Opera 11.50 Final (Swordfish) rilis dengan ribuan bugfixes

Logo Opera BrowserOpera software baru saja merilis Opera 11.50 (Swordfish) dengan ribuan bugfixes yang dijanjikan akan lebih cepat dan memberi pengalaman baru dalam menjelajah internet.

6 bulan sejak Opera mengeluarkan versi 11, kini perusahaan asal Norwegia ini merilis Opera 11.50 dengan berbagai peningkatan yang diharapkan mampu meningkatkan market share mereka di ranah browser.

Disamping memperbaiki ribuan bugfixes yang ditemukan pada versi 11.11, salah satu perubahan utama Opera 11.50 adalah perubahan User Interface yang disebut dengan Featherweight.

Featherweight adalah jawaban Opera terhadap komplain user atas lambatnya Opera bila dibandingkan browser lain. Jan Standal, Vice President Opera for Desktop menjelaskan hal tersebut:

Meskipun Opera sudah cepat (membuka dan menutup tab/window), kami mendapat laporan dari user bahwa Opera lebih lambat dibandingkan browser lain. Kami ingin membuat browser terasa lebih ringan dan cepat, dengan tetap menjaga fungsionalitasnya.

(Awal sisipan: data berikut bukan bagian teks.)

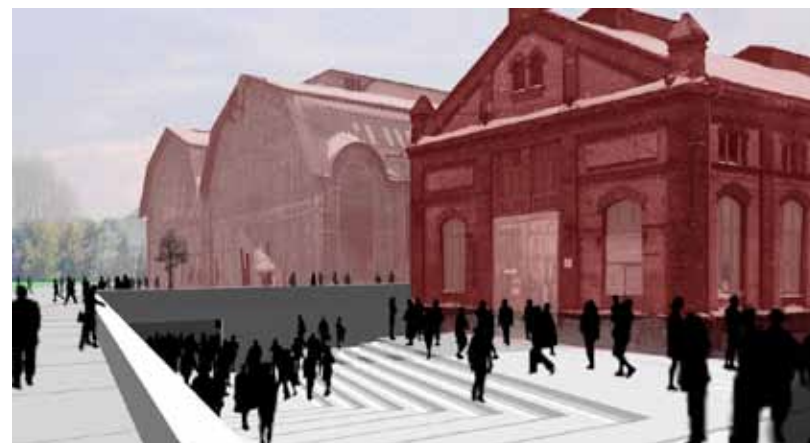
Z Trojhalí se má stát pozoruhodný stánek kultury a společenské zábavy. Dvouhalu bývalé elektrocentrály už před několika lety „testoval“ Jarek Nohavica svým megakoncertem.

zpřístupněn. Ve čtvrti Nová Karolina se současně také rozhoduje o jménech pro další dvě ulice a jedno náměstí (mezi Trojhalím a obchodním centrem). Rozhoduje se mezi názvy náměstí Karla Kryla nebo náměstí Karolina. Ve čtvrti už jsou pojmenovány ulice Jantarová, K Trojhalí, K Šalamounu a Těžařská, lávka na ÚAN nese název Karolinská. Další dvě nové ulice v bytovém komplexu mají nést názvy Šumná a Fajná. (g)

Opera 11.50 juga memiliki beberapa fitur baru lain, diantaranya:

  • Live Speed Dial, menampilkan konten website secara real-time di Speed dial tanpa perlu membuka website tersebut.
  • Sinkronisasi Password, Opera link kini tidak hanya mensikronasi Bookmark saja, tetapi juga dapat menyimpan password.
  • Deteksi Plugin yang hilang, Opera mampu mendeteksi dan membantu pengguna untuk menginstall plugin yang diperlukan untuk membuka website (misal: Adobe Flash dan Java)
  • Dukungan lebih baik untuk standar web HTML5 (element, Session History & Navigation, W3C File API, classList,dll)
  • Perubahan lengkapnya bisa dibaca di Opera 11.50 Changelog

Review Opera 11.50

Secara garis besar kecepatannya memang bertambah dibanding versi sebelumnya dan kami sangat menyukai fitur Live Speed Dial karena dapat memantau website tanpa perlu membukanya (Laporan cuaca, tweet, grafik saham, dll)

Opera saat ini masih menjadi peringkat ke-5 dari sisi penggunaan browser global setelah Internet Explorer, Firefox, Chrome, dan Safari dengan market share sebesar 2,4%.

Info Teknologi pun bingung dengan semua fitur dan kelebihan yang ada, kenapa Opera berada di posisi 5. Mungkin karena kurangnya marketing, tidak ada perusahaan besar dibelakangnya, atau karena negara pembuatnya yang bukan dari Amerika Serikat.

Bila anda tertarik mencoba ‘Opera 11.50′ dapat mengunjungi link berikut untuk mendownloadnya: Opera Download

Tuliskan komentar atau pertanyaan anda dibawah :)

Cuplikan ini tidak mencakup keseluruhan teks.